The correct option is A 1 only

Explanation:

Statement 1 is correct:

  • The total monetary or market value of all finished goods and services produced inside a country's borders in a certain time period is known as GDP. It serves as a comprehensive scorecard of a country's economic health because it is a wide measure of entire domestic production. GDP is a measure of a country's economic health that is used to estimate its size and rate of growth.
  • There are three different approaches for calculating GDP which are used by economists. All these approaches produce the same results, theoretically.
  1. Output Approach
  2. Income Approach
  3. Expenditure Approach

Statement 2 is incorrect:

Although the GDP is a pretty good indicator of the economy, there are some disadvantages of the GDP, including the concepts that the GDP does not take into consideration.

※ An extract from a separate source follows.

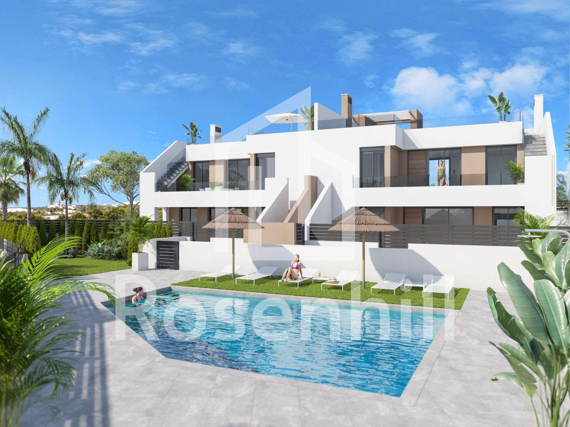 Newly built bungalows in Vera Playa, Almería: modern homes near the sea Contemporary living in Pueblo Salinas, just 2 km from the beach We are proud to present an impressive new residential development located in the sought-after area of Vera Playa, within the exclusive Pueblo Salinas urbanisation. This modern complex offers a privileged lifestyle just 2 km from the beaches of Vera (Almería), with spectacular sea views and a peaceful Mediterranean setting ideal for year-round living or enjoying your holidays. Elegant homes with modern comfort and style This new development consists of 18 high-quality bungalows. Choose from 2 or 3 bedroom layouts designed with functionality, comfort and style in mind. Options include: Ground floor with private gardens Upper floors with large solariums including summer kitchen and pergola with solar panels. All homes feature: Fully equipped open-plan kitchens with integrated fridge, dishwasher, induction hob, oven, microwave and extractor hood Bright, open-plan spaces with LED lighting throughout the home (except in the bedrooms) Motorised aluminium blinds in the bedrooms Bathrooms with modern finishes, including towel heaters, glass-enclosed shower trays and built-in furniture Pre-installation for ducted air conditioning Aerothermal system for efficient hot water production Security entrance door Exceptional community services Residents will enjoy access to a wide range of services designed to enhance comfort and leisure, including: Communal outdoor swimming pool perfect for the summer months Private parking space and storage room included with each property Prime location with excellent connections Vera Playa is a popular coastal destination known for its wide sandy beaches and relaxed lifestyle. The location of the development offers easy access to essential services and attractions: Beach: 2 km Desert Springs Golf Resort: 8 km Vera town centre: 5 km Garrucha marina and restaurants: 6 km Mojácar Retail Park: 10 km Almería Airport: 85 km (1 hour by car) Make Vera Playa your new home Whether you are looking for a permanent residence, a holiday retreat or a smart investment, these newly built apartments offer unbeatable value in one of the most sought-after areas of the Costa de Almería. Contact us today for more information and to schedule your visit.

  • Non-monetary exchanges: Many activities in an economy that add value to the people are not evaluated in monetary terms. For example, domestic services women perform at home are not paid for. This is a case of underestimation of GDP. GDP ignores voluntary and charitable work, social service as it is unpaid.
  • Underground Economy: The underground economy (or black market) refers to cash and barter transactions that are not formally recorded and are often used to support the trade of illegal goods and services (i.e., drugs, weapons, etc). Some nations’ economic output may be understated by GDP.
  • GDP does not value intangibles like leisure, quality of life, etc.
  • GDP does not take into account the economic value of the environment. Rather it neglects services provided by ecosystems and incentivizes economic activities causing environmental degradation by counting them.
  • Gender disparities are not reflected through GDP measures.

Statement 3 is incorrect:

  • The rising GDP of a country does not necessarily mean a rise in the welfare of its citizens. This is because the rise in GDP may be concentrated in the hands of very few individuals or firms. GDP does not reflect inequality present within the economy. Economic inequality is not revealed by GDP figures.
  • Externalities: Externalities refer to the benefits (or harms) a firm or an individual causes to another for which they are not paid (or penalized). Externalities do not have any market in which they can be bought and sold. For example, the output of oil refineries is taken into GDP calculation but pollution and ill effects are not deducted from GDP. This is the case of the overestimation of GDP.
  • The normal GDP also does not have any way of knowing whether the level of income created in a country will be sustainable or not. To overcome this limitation the green GDP is sought after.